DNS Flaw Underscores Danger of Taking Web Security for Granted

August 7, 2008 – 5:52 AM

Perhaps more than any other flaw in the last several years, the DNS protocol vulnerability discovered by security researcher Dan Kaminsky has shown that the circle of trust on the Internet can be broken more easily than we feared.

After listening to Kaminsky’s talk Aug. 6 at the Black Hat conference here, it is clear the flaw extends far beyond DNS cache poisoning. As he explained later, it is a game of dominoes—one domino could be re-directing Web traffic to malicious sites, the next could be interception of sensitive corporate email. The possibilities are numerous and problematic.
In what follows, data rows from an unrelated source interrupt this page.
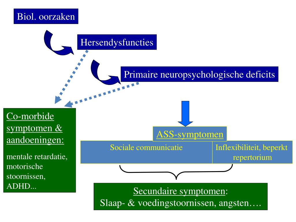 Hersendysfuncties Primaire neuropsychologische deficits ASS-symptomen Biol. oorzaken Co-morbide symptomen & aandoeningen: mentale retardatie, motorische stoornissen, ADHD... Sociale communicatie Inflexibiliteit, beperkt repertorium Secundaire symptomen: Slaap- & voedingstoornissen, angsten….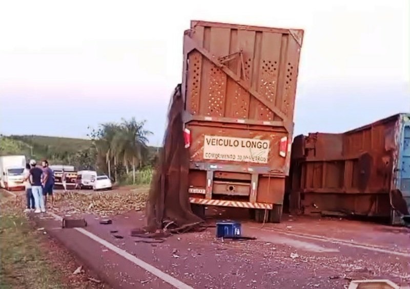 Segundo informações, o acidente teve início após duas carretas colidirem lateralmente enquanto trafegavam no mesmo sentido. O impacto resultou no envolvimento dos outros veículos, com uma das caminhonetes ficando prensada sob a carga de cana-de-açúcar de uma das carretas.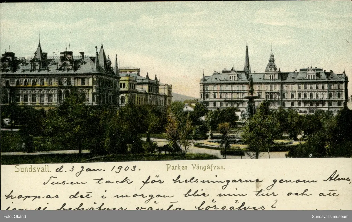 Vykort med motiv av Vängåvan i Sundsvall.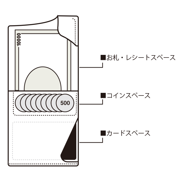 レシートや領収書はお札の前後に。分けて入れると仕分けにも便利。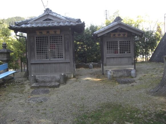 その先、左の高台に 庚申塔、地蔵堂、常夜燈、石碑 が並んでいます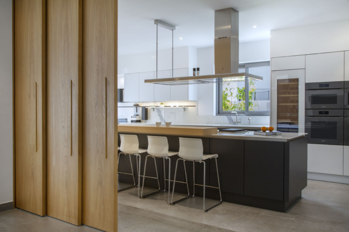 وبالنسبة للأجهزة المضمنة في المطبخ فهي من الدرجة الأولى وتمنحه خصائص وظيفية وعملية عالية الكفاءة، فكان مبرد النبيذ والثلاجة ومجمد الثلاجة من Liebherr، وموقد الحث والشواية وماكينة القهوة والأفران والميكروويف من Miele، بينما اختيرت غسالة الأطباق المدمجة بالكامل من Siemens، وشفاط Moon Island الرائع بقياس 180 سم من Elica.

“I spent the last month terrified of large companies having all their email stolen because of a bug that I found,” Kaminsky, director of penetration testing at IOActive, told a group of journalists after his session.

Vendors worked together to coordinate a release of a patch last month. If the figures offered by Kaminsky are any indication, the number of companies now protected is significant.

But fundamentally, the flaw means the level of security we have traditionally taken for granted on the Internet may not always be there. It is possible for an attacker to be the man-in-the-middle. In total, there are 15 ways of running the attack that Kaminsky and others admitted knowing about, but the researcher added there were likely others as well.